When you don't have the source code, how do you patch? Oh. MS stopped supporting Office XP a few years ago. You mean Office 2003 - and there hasn't been any significant security updates for Office 2003 in almost 6 months. 1 this year [002], 2 in November [excluding 2 re-releases].

Gisabun
Gisabun

The audit checks the organization as a whole that is trying to be PCI DSS compliant. Whether or not a Win XP computer will ever "touch" a credit card is ireewlevant.

NickNielsen
NickNielsen

In fact, the writer appears to assume that those still using XP will be on-line.

dogknees
dogknees

I've been trying for years to get the point across that we see the same comments from the same people every time there's a new version of anything. They start by bagging it, then slowly come around and by the time the next version hits they've become massive fans who'd rather die than upgrade to the next version. Now we all know about it, perhaps we won't see it next time! But I'm not holding my breath.

dogknees
dogknees

No one said you have to replace PCs to change OS. Just update the OS.

NickNielsen
NickNielsen

CNN, MSNBC, or just about any one of them outside NPR (they actually listen to their researchers!)

NickNielsen
NickNielsen

But that's the way it is.
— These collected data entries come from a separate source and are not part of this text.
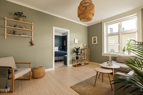 Nydelig og gjennomgående 2(3)-roms leilighet i en klassisk bygård med vakre vinduer, originalt tregulv, peisovn og god takhøyde. Leiligheten har en gjennomgående god planløsning, bestående av et separat kjøkken, en lys og romslig stue, et soverom og et bad.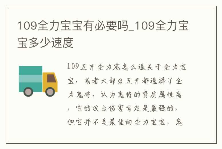 109全力寶寶有必要嗎_109全力寶寶多少速度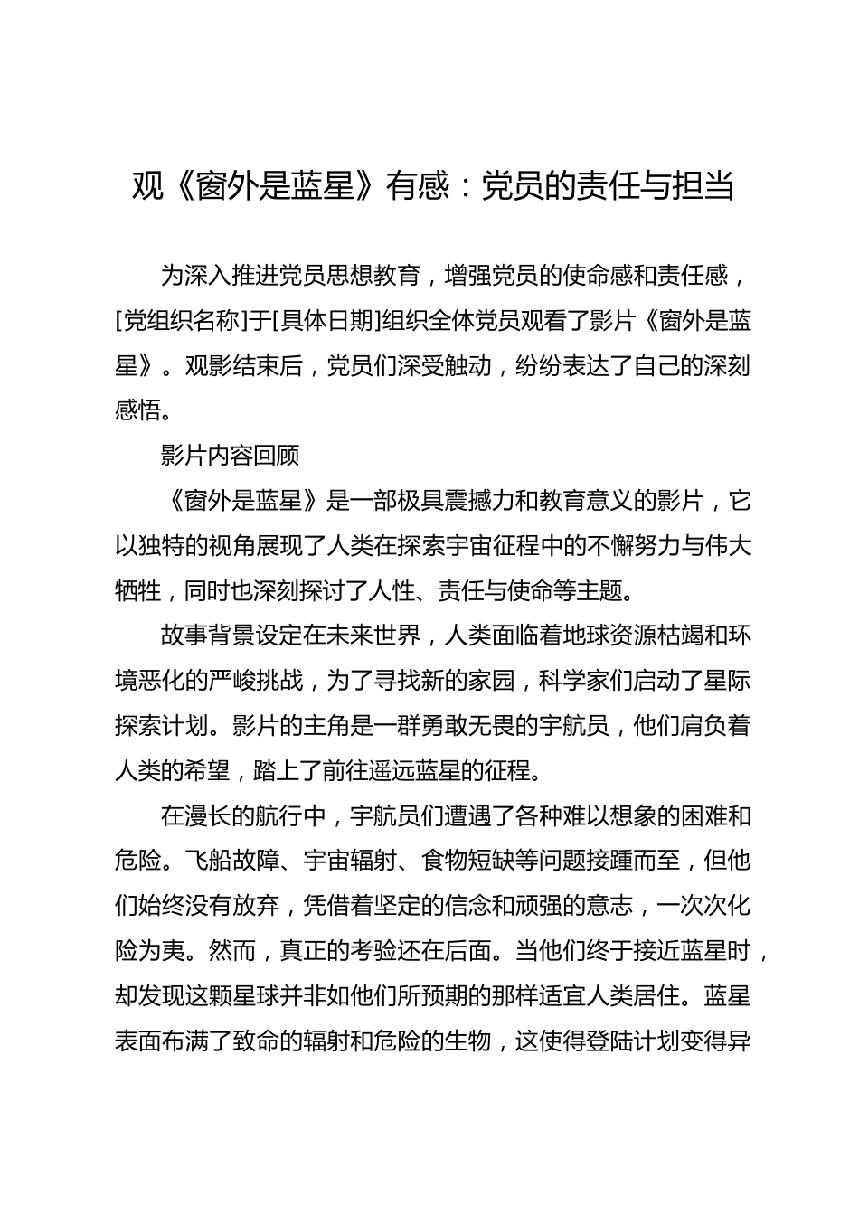觀《窗外是藍(lán)星》有感:黨員的責(zé)任與擔(dān)當(dāng)為深入推進(jìn)黨員思想教育,增強(qiáng)黨員的使命感和責(zé)任感,[黨組織名稱]于[具體日期]組織全體黨員觀看了影片《窗外是藍(lán)星》。觀影結(jié)束后,黨員們深受觸動(dòng),紛紛表達(dá)了自己的深刻感悟。影片內(nèi)容回顧《窗外是藍(lán)星》是一部極具震撼力和教育意義的影片,它以獨(dú)特的視角展現(xiàn)了人類在探索宇宙征程中的不懈努力與偉大犧牲,同時(shí)也深刻探討了人性、責(zé)任與使命等主題。故事背景設(shè)定在未來(lái)世界,人類面臨著地球資源枯竭和環(huán)境惡化的嚴(yán)峻挑戰(zhàn),為了尋找新的家園,科學(xué)家們啟動(dòng)了星際探索計(jì)劃。影片的主角是一群勇敢無(wú)畏的宇航員,他們肩負(fù)著人類的...

And until the vendor gets around to updating or (in at least one case) the customer gets around to buying the update, that's the way it will probably stay.

dogknees
dogknees

MS wrote it. If it's the vendor, then why did they write it so it's tied to one version of Windows? No one forced them to use un-documented behaviour.

jevans4949
jevans4949

Well, I had a couple of dozen Office XP /.2002 patches last month. I'm mostly using Libre Office these days, but I still have this installedon my home desktop.

aidemzo_adanac
aidemzo_adanac

It's useless to think you can educate people with a little common sense and hindsight. If you put together a sensational web page that was so radical and either left or right wing focused, you'd have an audience. People don't like reason, reality and middle ground, just sensationalised BS.